Hierarchical Recognition Scheme for Human Facial Expression Recognition Systems

• Published in: Sensors (Basel, Switzerland) Vol. 13; no. 12; pp. 16682 - 16713
• Main Authors: Siddiqi, Muhammad, Lee, Sungyoung, Lee, Young-Koo, Khan, Adil, Truc, Phan
• Format: Journal Article
• Language: English
• Published: Switzerland MDPI AG 05.12.2013; Molecular Diversity Preservation International (MDPI)

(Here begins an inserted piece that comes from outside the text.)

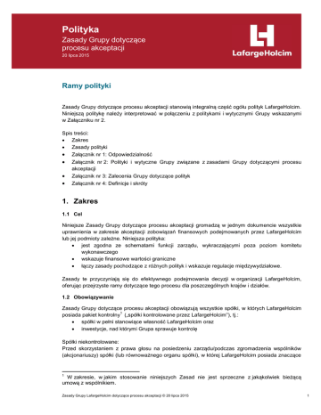 Polityka Zasady Grupy dotyczące procesu akceptacji 20 lipca 2015 Ramy polityki Zasady Grupy dotyczące procesu akceptacji stanowią integralną część ogółu polityk LafargeHolcim. Niniejszą politykę należy interpretować w połączeniu z politykami i wytycznymi Grupy wskazanymi w Załączniku nr 2. Spis treści: Zakres Zasady polityki Załącznik nr 1: Odpowiedzialność Załącznik nr 3: Zalecenia Grupy dotyczące polityk Załącznik nr 2: Polityki i wytyczne Grupy związane z zasadami Grupy dotyczącymi procesu akceptacji Załącznik nr 4: Definicje i skróty 1. Zakres 1.1 Cel Niniejsze Zasady Grupy dotyczące procesu akceptacji gromadzą w jednym dokumencie wszystkie uprawnienia w zakresie akceptacji zobowiązań finansowych podejmowanych przez LafargeHolcim lub jej podmioty zależne. Niniejsza polityka: jest zgodna ze schematami funkcji zarządu, wykraczającymi poza poziom komitetu wykonawczego wskazuje finansowe wartości graniczne łączy zasady pochodzące z różnych polityk i wskazuje regulacje międzywydziałowe. Zasady te przyczyniają się do efektywnego podejmowania decyzji w organizacji LafargeHolcim, oferując przejrzyste ramy dotyczące tego procesu dla poszczególnych krajów i działów. 1.2 Obowiązywanie Zasady Grupy dotyczące procesu akceptacji obowiązują wszystkie spółki, w których LafargeHolcim 1 posiada pakiet kontrolny („spółki kontrolowane przez LafargeHolcim”), tj.: spółki w pełni stanowiące własność LafargeHolcim oraz inwestycje, nad którymi Grupa sprawuje kontrolę Spółki niekontrolowane: Przed skorzystaniem z prawa głosu na posiedzeniu zarządu/podczas zgromadzenia wspólników (akcjonariuszy) spółki (lub równoważnego organu spółki), w której LafargeHolcim posiada znaczące 1 W zakresie, w jakim stosowanie niniejszych Zasad nie jest sprzeczne z jakąkolwiek bieżącą umową z wspólnikiem. Zasady Grupy LafargeHolcim dotyczące procesu akceptacji © 20 lipca 2015 1 Zasady Grupy dotyczące procesu akceptacji 2 wpływy, ale nad którą nie sprawuje kontroli („spółki niekontrolowane”) członkowie zarządu/udziałowcy/akcjonariusze reprezentujący Grupę LafargeHolcim muszą zastosować się do niniejszych Zasad (tj. przewidzieć i zapewnić uzyskanie niezbędnych akceptacji) w związku z wszelkimi zobowiązaniami finansowymi, gwarancjami oraz/lub dopłatami do kapitału popieranymi przez spółkę kontrolowaną przez LafargeHolcim, posiadającą udział w takiej spółce niekontrolowanej. 1.3 Schemat funkcji zarządu Termin BoD • Articles of incorporation • Organizational rules Functions Diagram • Committee charters ExCo Policy landscape Policies for functions and managerial processes Group Approval Rules Financial • Authorization thresholds, other rules Organizational • ExCo governance • Governance between Group, regions, countries (reporting lines, councils, …) Tłumaczenie Zarząd • Umowa spółki • Regulamin organizacyjny Schemat funkcji • Statuty komitetów Komitet wykonawczy Ogół polityk Polityki dotyczące działów i procesów kierowniczych Zasady Grupy dotyczące procesu akceptacji Aspekt finansowy • Wartości graniczne uprawnień, inne zasady Aspekt organizacyjny • Struktura komitetu wykonawczego • Struktura zarządzania między Grupą, regionami, krajami (podległości służbowe, rady, ...) 1.4 Zakres Zasady Grupy dotyczące procesu akceptacji obejmują swym zakresem: wydatki CAPEX – patrz polityka Grupy w zakresie wydatków CAPEX umowy handlowe – patrz pkt. 2.1 umowy kupna i najmu/dzierżawy – patrz 2.2 2 Posiadanie 20% lub więcej praw głosów (bezpośrednio lub za pośrednictwem spółek zależnych) będzie oznaczało istotny wpływ, chyba że można wyraźnie wykazać, że tak nie jest. Zasady Grupy LafargeHolcim dotyczące procesu akceptacji © 20 lipca 2015 2 Zasady Grupy dotyczące procesu akceptacji finanse i gospodarkę pieniężną – patrz 2.3 Dodatkowe dziedziny (jak ład korporacyjny, zasoby ludzkie i inne umowy szczególne, dotyczące m.in. lobbowania, sponsoringu, datków, pośrednictwa, rozwoju biznesowego oraz ugody) są uwzględniane w miarę konieczności. 2. Zasady polityki Wszystkie wartości graniczne i kwoty w poniższych tabelach są wyrażone w milionach CHF. 2.1 Umowy handlowe Wartość graniczna zobowiązania (lub inne kryteria) (1) Dyrektor generalny na kraj Dyrektor działu (2) Dyrektor regionu(3) Członek komitetu wykonawczego ds. wzrostu i Innowacji Dyrektor generalny Grupy Umowy sprzedaży i o świadczenie usług (a) < 25 mln (niezależnie od okresu obowiązywania umowy) Akceptuje < 25 - < 50 mln (niezależnie od okresu obowiązywania umowy) Opiniuje > 50 mln (niezależnie od okresu obowiązywania umowy) Opiniuje Umowy ramowe obejmujące kilka krajów (z kluczowymi klientami) Akceptuje (4) Zostaje poinformowany Opiniuje Opiniuje Akceptuje (b) < 50 mln Opiniuje Zostaje poinformowany Akceptuje > 50 mln Opiniuje Opiniuje Opiniuje Akceptuje Globalne/obejmujące kilka krajów umowy sprzedaży i o świadczenie usług dotyczące ropy i gazu Brak wartości granicznej Opiniuje Opiniuje Akceptuje Lokalne umowy sprzedaży i o świadczenie usług dotyczące ropy i gazu z kluczowymi klientami globalnymi/obejmującymi kilka krajów Brak wartości granicznej Akceptuje Opiniuje Lokalne umowy sprzedaży i o świadczenie usług dotyczące ropy i gazu z klientami lokalnymi (klienci niekluczowi) Brak wartości granicznej Akceptuje Zostaje poinformowany Umowy franczyzowe i licencyjne obejmujące prawa własności intelektualnej Lafarge-Holcim (patenty, marki, znaki towarowe, know-how) Brak wartości granicznej Opiniuje Opiniuje Komunikacja Akceptuje, jeżeli ma związek z daną branżą Akceptuje (a) Umowy dotyczące produktu Ductal wymagają akceptacji dyrektora działu ds. Ductal (b) Porozumienia o współpracy z grupami międzynarodowymi (pozostające bez bezpośredniego wpływu na sprzedaż lub ceny) podlegają akceptacji członka komitetu wykonawczego ds

• Subjects: Access control; Accuracy; Computer engineering; Datasets; Discriminant Analysis; Face - physiology; face detection; Facial Expression; facial expressions; GHE; HMMs; Humans; ICA; Image retrieval; LDA; Pattern Recognition, Physiological - physiology; PCA; Performance evaluation; Sensors
• ISSN: 1424-8220; 1424-8220
• DOI: 10.3390/s131216682

Over the last decade, human facial expressions recognition (FER) has emerged as an important research area. Several factors make FER a challenging research problem. These include varying light conditions in training and test images; need for automatic and accurate face detection before feature extraction; and high similarity among different expressions that makes it difficult to distinguish these expressions with a high accuracy. This work implements a hierarchical linear discriminant analysis-based facial expressions recognition (HL-FER) system to tackle these problems. Unlike the previous systems, the HL-FER uses a pre-processing step to eliminate light effects, incorporates a new automatic face detection scheme, employs methods to extract both global and local features, and utilizes a HL-FER to overcome the problem of high similarity among different expressions. Unlike most of the previous works that were evaluated using a single dataset, the performance of the HL-FER is assessed using three publicly available datasets under three different experimental settings: n-fold cross validation based on subjects for each dataset separately; n-fold cross validation rule based on datasets; and, finally, a last set of experiments to assess the effectiveness of each module of the HL-FER separately. Weighted average recognition accuracy of 98.7% across three different datasets, using three classifiers, indicates the success of employing the HL-FER for human FER.